Several studies have shown that human error, and lack of situational awareness in particular, are important factors contributing to collisions (Chauvin et al., 2013, Gale and Patraiko, 2007, Grech et al., 2002). A collision alert system (CAS) enhances situational awareness of ship officers or Vessel Traffic Service (VTS) personnel, aiding operational decision making. A recent analysis has shown that implementing an enhanced CAS in a VTS center may be a cost-efficient risk-reducing measure (Lehikoinen et al., 2015).
The most widely used CAS is the Automatic Radar Plotting Aid (ARPA). This technology tracks several targets and displays proximity indicators used for operational risk assessment.
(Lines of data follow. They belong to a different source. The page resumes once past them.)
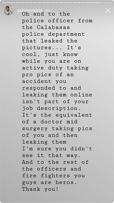 Salomon does confirm the fire in his Instagram story where he attributes the leaked photos to an officer from the Calabasas Police Department who responded to the scene. Two other videos reportedly posted by an Instagram user who is believed to be the originating officer can be seen on Reddit and Streamable. Salomon makes it a point to forgive the officer while reminding him that leaking photos online “isn’t part of [his] job description” and specifically thanks all other first responders for aiding in the fire. No injuries have been reported at the time of writing.
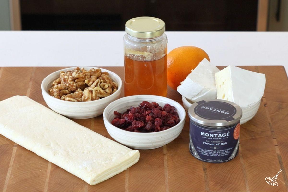 - Place enough brie in each tart to cover the bottom, then sprinkle the nut and cranberry mixture on top. Drizzle ½ teaspoon of liquid honey over each tart. Sprinkle with orange zest and flaky salt.¼ cup Liquid Honey, 2 teaspoon Orange Zest, 1 teaspoon Flaky Sea Salt
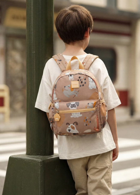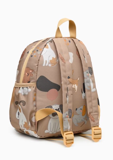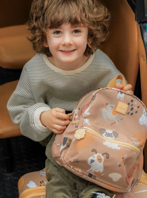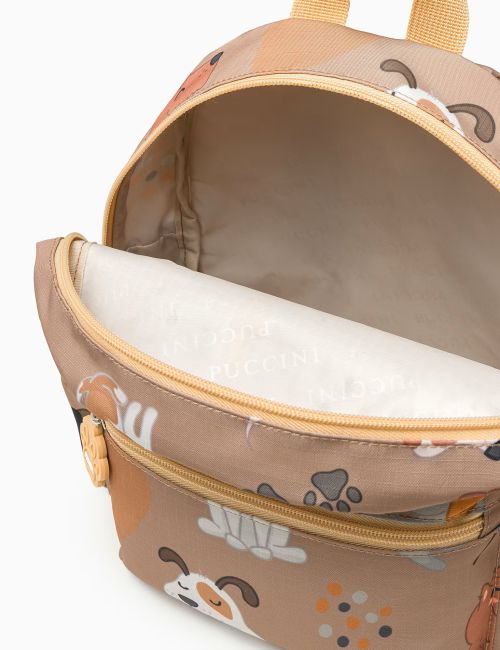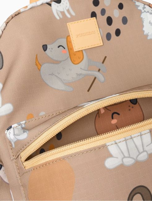 Puccinin ihastuttava, vaaleanruskea, koirakuvioinen kerhoreppu perheen pienimmille. Lapsen omat perustarpeet mahtuvat hyvin mukaan tähän suloiseen matkakumppaniin.
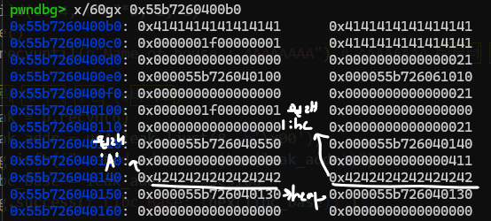 해당 오프셋은 일정한 오프셋이기 때문에 payload에 넣어주면 heap base를 구할 수 있습니다.
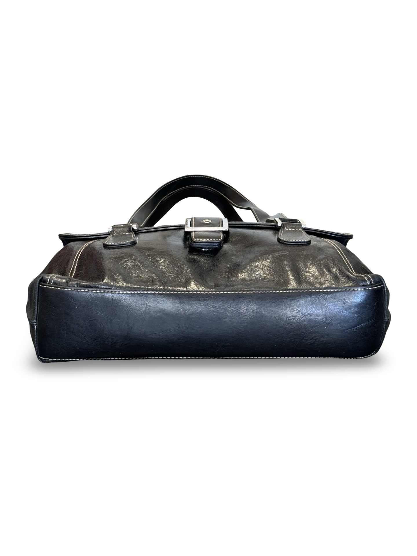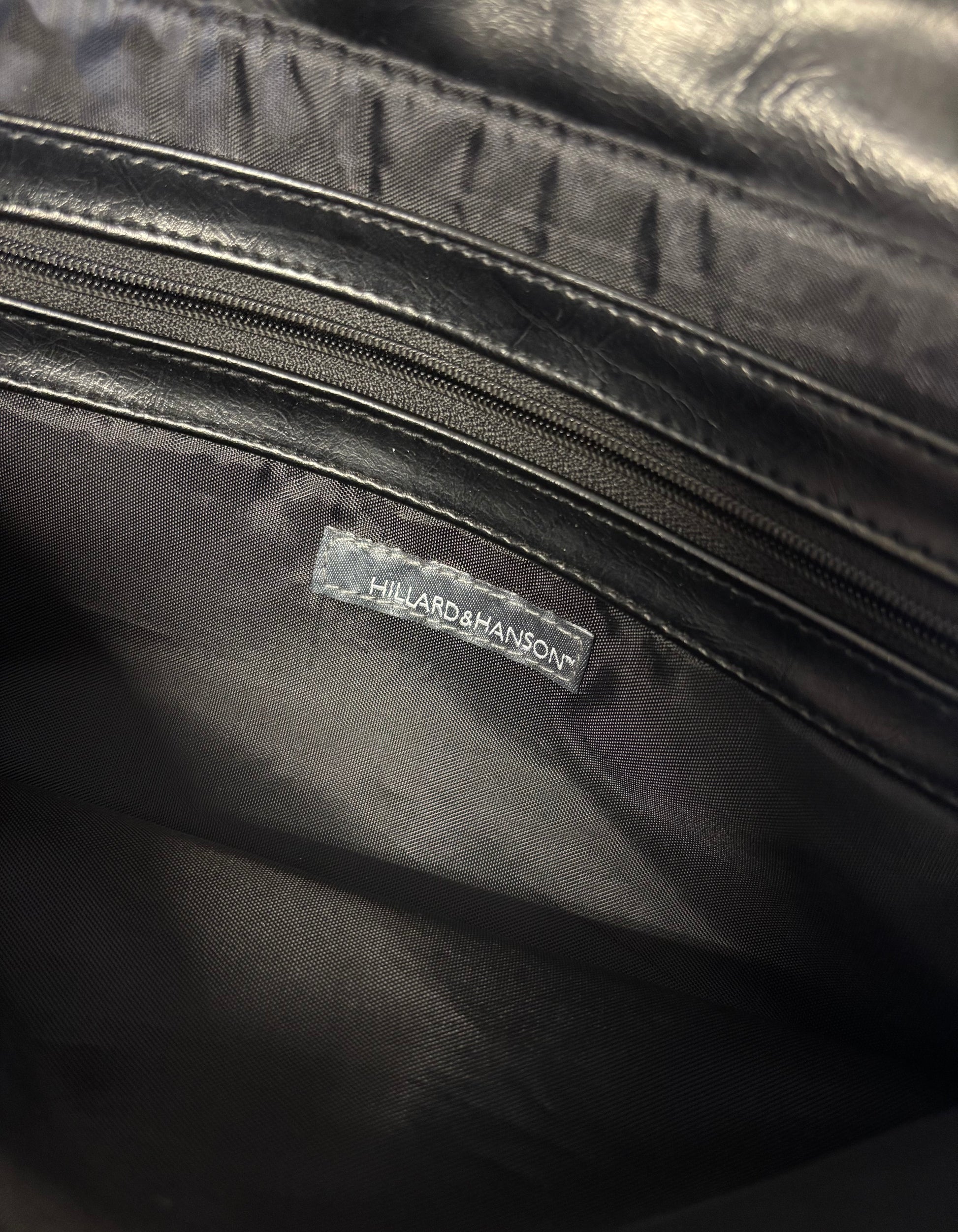 Vintage Y2K Black Leather Hillard & Hanson Shoulder Bag Purse w/ Front Buckle

ARPA also includes a CAS, requiring two input values: limits for the Distance at Closest Point of Approach (DCPAlim) and the Time to Closest Point of Approach (TCPAlim) (Chin and Debnath, 2009).
The ARPA CAS has several drawbacks. First, there are no commonly agreed settings for the limiting values. Second, ARPA alarms sound frequently during normal navigation, causing nuisances as these are often perceived as unnecessary. This relates to the fact that ARPA only relies on DCPA and TCPA, while the same values for these indicators can, depending on e.g. relative bearing and heading, lead to a different risk interpretation and need for action. Consequently, some officers set DCPAlim and TCPAlim at zero, effectively switching off the CAS (Baldauf et al., 2011). Third, ARPA alarms are not informative in special operations such as convoys through ice fields. Finally, in special situations, ARPA can raise an alarm only when collision is unavoidable. This is illustrated in Video 1, which shows a radar sequence of a vessel transiting the Singapore Straits (Pahdi, 2011), with settings TCPAlim = 2 min and DCPAlim = 0.3 nm. Following events are of interest. 13:09: one target in close range to starboard is tracked. 13:13: alarm sounds. 13:35: target vessel overtaking on starboard side of own vessel makes a sharp turn to port. 13:38: own vessel initiates a turn. 13:40: own ship starts turning and alarm sounds. 13:42: a collision occurs.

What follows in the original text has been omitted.